Task
Print only the lines below from the one with "Flot Joha kjole" to the one with "System Storm został", both included, exactly as they stand. Leave pictures out.

Data extracts
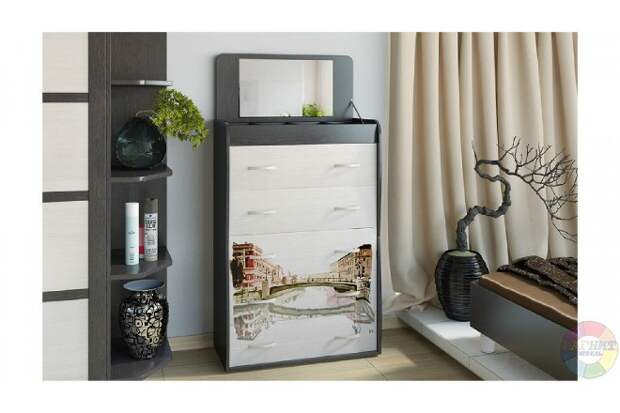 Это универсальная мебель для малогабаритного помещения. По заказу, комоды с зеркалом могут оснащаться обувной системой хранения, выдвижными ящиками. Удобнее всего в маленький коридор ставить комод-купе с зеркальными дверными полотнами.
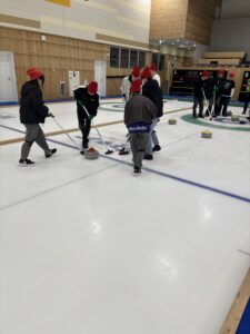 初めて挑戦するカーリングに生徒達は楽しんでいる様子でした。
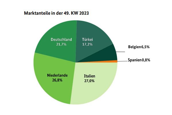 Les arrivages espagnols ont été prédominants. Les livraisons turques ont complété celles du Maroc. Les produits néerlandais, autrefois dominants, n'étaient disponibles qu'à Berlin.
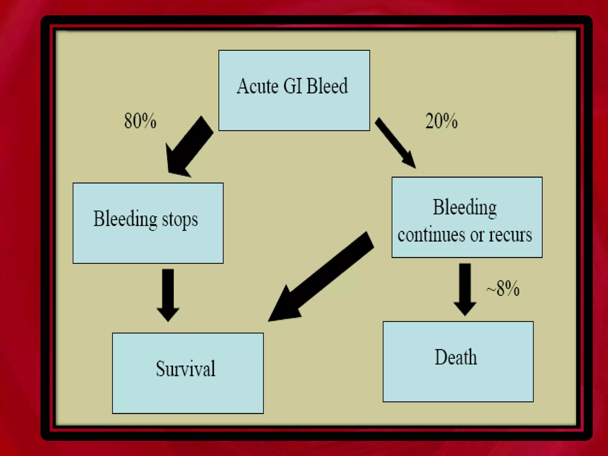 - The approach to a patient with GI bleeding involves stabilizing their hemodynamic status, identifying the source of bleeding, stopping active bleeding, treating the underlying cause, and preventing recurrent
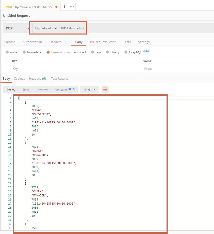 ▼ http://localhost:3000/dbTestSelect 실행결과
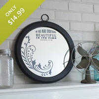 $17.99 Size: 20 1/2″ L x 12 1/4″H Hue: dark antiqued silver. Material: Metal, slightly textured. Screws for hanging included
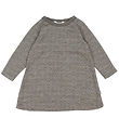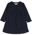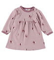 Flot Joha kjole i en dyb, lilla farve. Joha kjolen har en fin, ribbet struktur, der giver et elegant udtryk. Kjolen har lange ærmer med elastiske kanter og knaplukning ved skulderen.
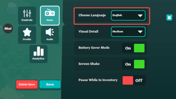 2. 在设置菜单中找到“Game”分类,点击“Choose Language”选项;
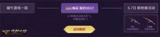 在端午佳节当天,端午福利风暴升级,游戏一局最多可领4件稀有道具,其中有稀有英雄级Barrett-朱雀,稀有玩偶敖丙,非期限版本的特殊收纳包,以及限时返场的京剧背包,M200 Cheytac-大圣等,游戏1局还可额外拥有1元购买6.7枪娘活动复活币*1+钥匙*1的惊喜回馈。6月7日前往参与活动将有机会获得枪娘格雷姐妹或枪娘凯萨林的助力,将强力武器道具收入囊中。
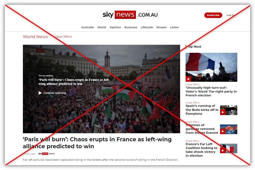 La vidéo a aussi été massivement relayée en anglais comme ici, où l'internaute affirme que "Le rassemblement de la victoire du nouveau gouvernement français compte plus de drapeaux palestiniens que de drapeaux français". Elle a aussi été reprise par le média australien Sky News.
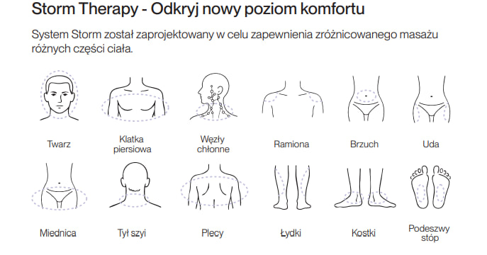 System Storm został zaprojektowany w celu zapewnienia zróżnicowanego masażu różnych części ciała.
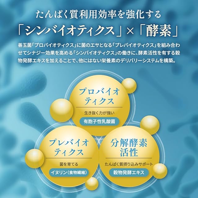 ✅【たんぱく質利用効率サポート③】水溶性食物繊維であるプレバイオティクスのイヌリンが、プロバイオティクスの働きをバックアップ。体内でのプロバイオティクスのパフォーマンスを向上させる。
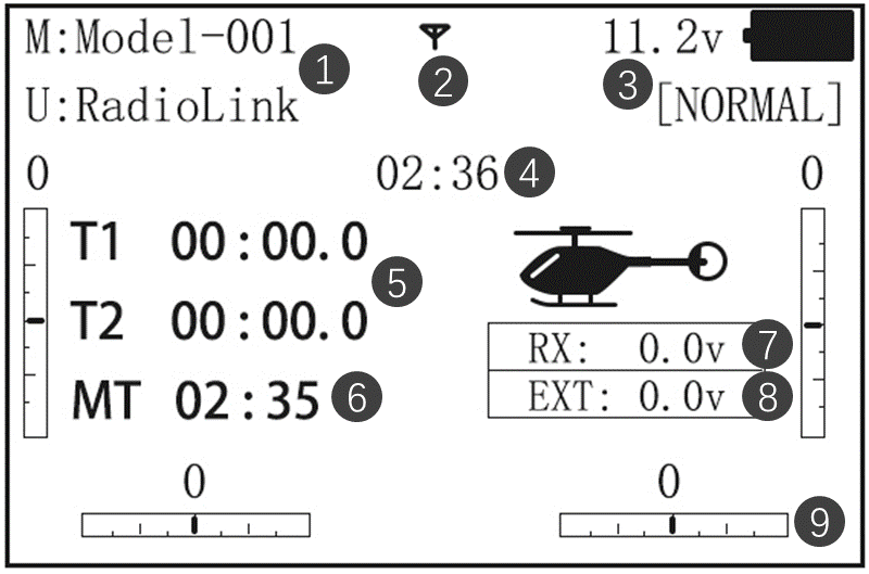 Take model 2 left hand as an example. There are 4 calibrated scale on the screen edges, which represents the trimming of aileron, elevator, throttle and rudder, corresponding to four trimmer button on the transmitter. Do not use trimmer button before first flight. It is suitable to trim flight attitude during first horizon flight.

Written answer
 Flot Joha kjole i en dyb, lilla farve. Joha kjolen har en fin, ribbet struktur, der giver et elegant udtryk. Kjolen har lange ærmer med elastiske kanter og knaplukning ved skulderen.
 2. 在设置菜单中找到“Game”分类,点击“Choose Language”选项;
 在端午佳节当天,端午福利风暴升级,游戏一局最多可领4件稀有道具,其中有稀有英雄级Barrett-朱雀,稀有玩偶敖丙,非期限版本的特殊收纳包,以及限时返场的京剧背包,M200 Cheytac-大圣等,游戏1局还可额外拥有1元购买6.7枪娘活动复活币*1+钥匙*1的惊喜回馈。6月7日前往参与活动将有机会获得枪娘格雷姐妹或枪娘凯萨林的助力,将强力武器道具收入囊中。
 La vidéo a aussi été massivement relayée en anglais comme ici, où l'internaute affirme que "Le rassemblement de la victoire du nouveau gouvernement français compte plus de drapeaux palestiniens que de drapeaux français". Elle a aussi été reprise par le média australien Sky News.
 System Storm został zaprojektowany w celu zapewnienia zróżnicowanego masażu różnych części ciała.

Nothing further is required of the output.